Task description

PreTENS is articulated into the two following sub-tasks:

a binary classification sub-task, which consists in predicting the acceptability label assigned to each sentence of the test set;
a regression sub-task, which consists in predicting the average score assigned by human annotators on a seven point Likert-scale with respect to the subset of data evaluated via crowdsourcing.

For each sub-task and each language, the dataset will be split into training and test set:

for the binary-classification sub-task, the training and test set will be composed by 5,838 and 14,556 samples, respectively;
for the regression sub-task, 524 sentences will be provided for the training set and 1,009 for the test set.

The two sub-tasks are independent. Participants can decide to participate in just one of them, though we encourage participation in multiple subtasks.

In the two sub-tasks, participants are free to use external resources, with the exception of lexical resources where semantic relationships (including taxonomical ones) are manually marked, such as WordNet, BabelNet, etc. When used, any external resources have to be described in detail in the final report.

Data description

The Task will comprise datasets in 3 languages: English, Italian, French. The French and Italian are slightly adapted translations of the English dataset.

Each dataset will contain about 20,394 artificially generated sentences that exemplify constructions that enforces presuppositions on the taxonomic status of their arguments A and B, e.g. comparatives (I like A more than B ), exemplifications (I like A, and in particular B), generalizations (I like A, and B in general) and others.

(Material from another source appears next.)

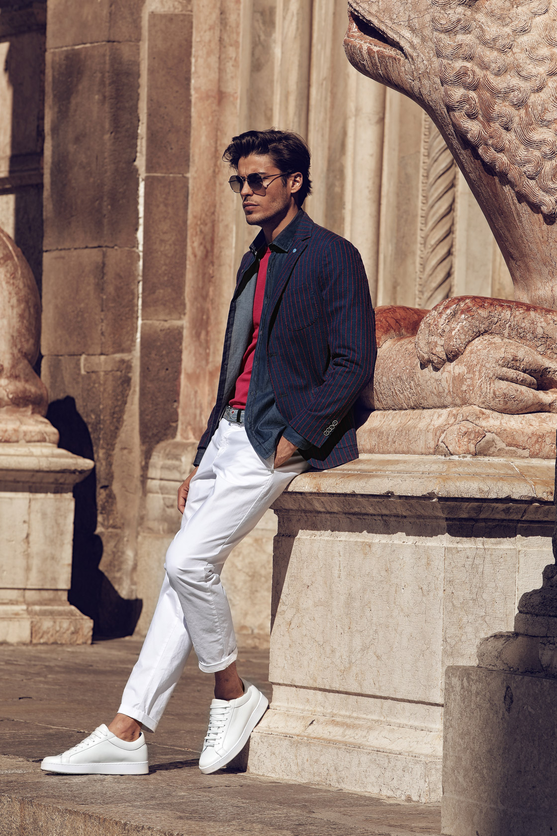Nella realtà odierna però comprare qualcosa non basta ma bisogna saperla abbinare ad altri capi di abbigliamento in modo impeccabile in modo tale da non risultare fuori moda o persone con poca cura dell estetica l obiettivo di questa guida è pertanto quello. 1 giacca a quadri con tee bianca. Bianco e blu si intonano tra di loro meglio di ogni altro colore. Con rever classico taschino per fazzoletto e asola per spilletta decorativa.

The argument nouns are taken from 30 semantic categories (e.g. dogs, birds, mammals, cars, motorcycles, cutlery, clothes, trees, plastics...). A and B

All sentences will be provided with an acceptability label such as in the following examples:

I like trees, and in particular birches 1
I like oaks, and in particular trees 0

where 1 stands for acceptable (i.e. the taxonomical relations is compatible with the construction at issue) and 0 stands for not acceptable (not compatible).

A subset of 1,533 sentences of the whole dataset, corresponding to about 5% of the total and representative of the patterns considered, was be judged by human annotators via a crowdsourcing campaign on a seven point Likert-scale, ranging from 1 (not at all acceptable) to 7 (completely acceptable). In this case, the sentences will be provided with the average judgment they received, which could be affected by plausibility considerations, argument order and other factors. Examples of this conditions are:

I like politicians, an interesting type of farmer 1.42
I like governors, an interesting type of politician 6.16

The datasets are available on GitHub here.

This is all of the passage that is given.